米SiFly Aviationは2026年5月12日(現地時間)、1つの拠点から複数のドローンを運用できるインフラ基盤「DronePort」を発表した。従来のドローンドックを機体ごとに増設していく方式に代え、発着、充電、ミッション管理、保守を1つのシステムに集約することで、広域運用に対応する構成を打ち出した。
同社によると、DronePortは1拠点で複数機の運用を支え、従来のドック型システムと比べてノード当たりの運用カバレッジを5倍、導入コストを最大10分の1に抑えられるという。SiFlyは、点在配置が前提だった既存ドック型では、広域展開時にコストとカバー範囲の両面で限界があったとしている。
同システムは、SiFlyの長時間飛行型ドローン「Q12」と組み合わせることで、長い飛行時間と広い航続性能を生かした継続監視を想定する。用途としては、Drone as First Responder(DFR)向けの公共安全運用のほか、ユーティリティ、パイプライン、鉄道、農業など、線状・広域エリアの点検や監視を挙げている。

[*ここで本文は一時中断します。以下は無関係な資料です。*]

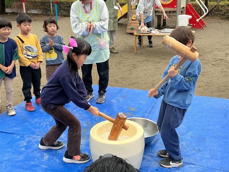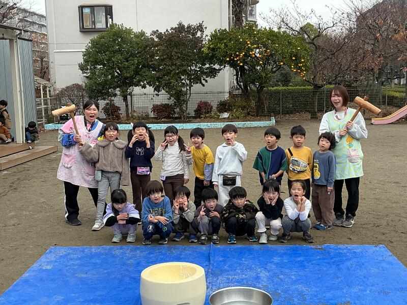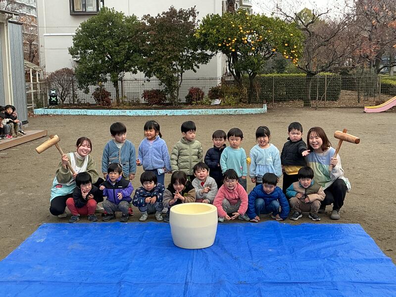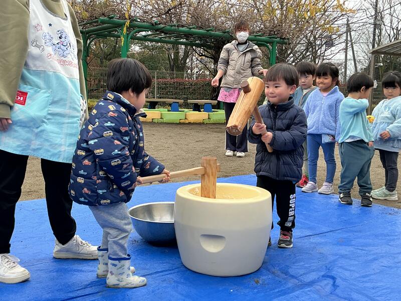 そら組は、「かるかったね!」と10回打った後にも余裕な表情しっかりと振り上げて、上手にお友だちと順番でお餅をついていました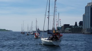 Shearwater Yacht club hosts this event each year. This year the motor/sail past was received by a Reviewing Dignitary aboard HMCS CHARLOTTETOWN, who received the salute.

SiFlyはあわせて、対象エリアや任務条件から必要なドローン数とDronePort数を試算できる「DronePort Network Planner」も投入した。初期導入は2026年中を見込んでいる。米カリフォルニア州サンタクララに本拠を置く同社は、公共安全や重要インフラ点検、企業向け運用を対象に、長時間飛行型の自律飛行システムを展開している。